Who benefits when America decides that triumph demands penance? China. While we moralize, they mobilize. Beijing approved its first mRNA vaccine in 2023 and has been pouring billions into the sector ever since. The market there is scaling fast—new platforms, new indications, new prestige. Chinese companies you’ve never heard of are building an mRNA ecosystem from shingles to cancer and collecting innovation laurels along the way.  

Meanwhile, we debate yesterday’s rumors. This is irony raised to tragedy: a President who relished outcompeting China now watches his own team fumble away the scientific crown jewels. mRNA is not a one-off pandemic fix; it is a platform—a new operating system for medicine. Pair it with AI, better delivery systems, American capital and ingenuity, and you get an engine for ripe for discovery – and an accelerator we should be maximizing. Not defunding.

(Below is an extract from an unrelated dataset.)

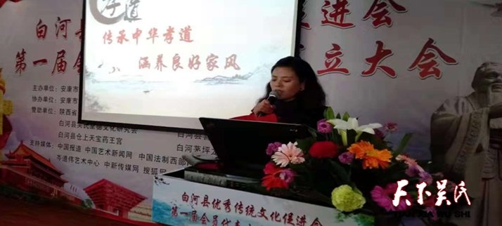 中华传统文化是华夏民族的根,是我们炎黄子孙的魂!中华民族五千年的悠久文明史,是因为有传统文化的熏蒸,每个人如果心灵受到传统文化的洗礼,不仅家庭和谐,幸福美满,而且社会安定,团结友善,国家昌盛,世界和平。近年来,社会风气败坏,人心不古,就是因为我们丢失了传统文化的学习、践行、休养、弘扬、继承和传播。中国离不开传统文化,世界离不开传统文化,因为传统文化象征的是爱国、孝敬、敬业、勤俭、廉正、礼仪、谦让、创新、发展等等精神美德,因此,弘扬和传播,践行传统文化迫在眉梢,刻不容缓。忽如一夜春风来,千树万树梨花开。今天,白河县优秀传统文化促进会的成立,这是给白河县,乃至安康市、陕西省及周边地区带了一个好头,必将功德无量!传统文化博大精深,她不仅仅包括易经之道、周礼之道、孔孟之道、孝道、中医药等,还包括治国之道、社会之道、做人之道,经商之道等等,是各行各业,每一个人的立身之本!传家之本。没有传统文化,就不会有华夏五千年的悠久文明史!就不会有今天的繁荣昌盛!弘扬和践行传统文化人人有责,期望白河县优秀传统文化促进会勇于担当,团结同行,为传统文化的伟大复兴作出新贡献!最后祝愿促进会在会长吴经勇先生的领导下,发扬光大,走出一条辉煌之路。

The bottom-line question: Does Robert F. Kennedy Jr. support or oppose President Trump’s signature scientific achievement?  The budget axe to mRNA, the recycled anti-vaccine catechism, the convenient alibi of Biden-era mandates—this is rollback and payback, not stewardship. Sabotage, not reform. Call it what it is: a retreat from American science. A gift to Beijing and a betrayal of the President.

 

Peter J. Pitts is President of the Center for Medicine in the Public Interest and a former FDA Associate Commissioner.

 Dr. Robert Goldberg is Vice President of Research at the Center for Medicine in the Public Interest.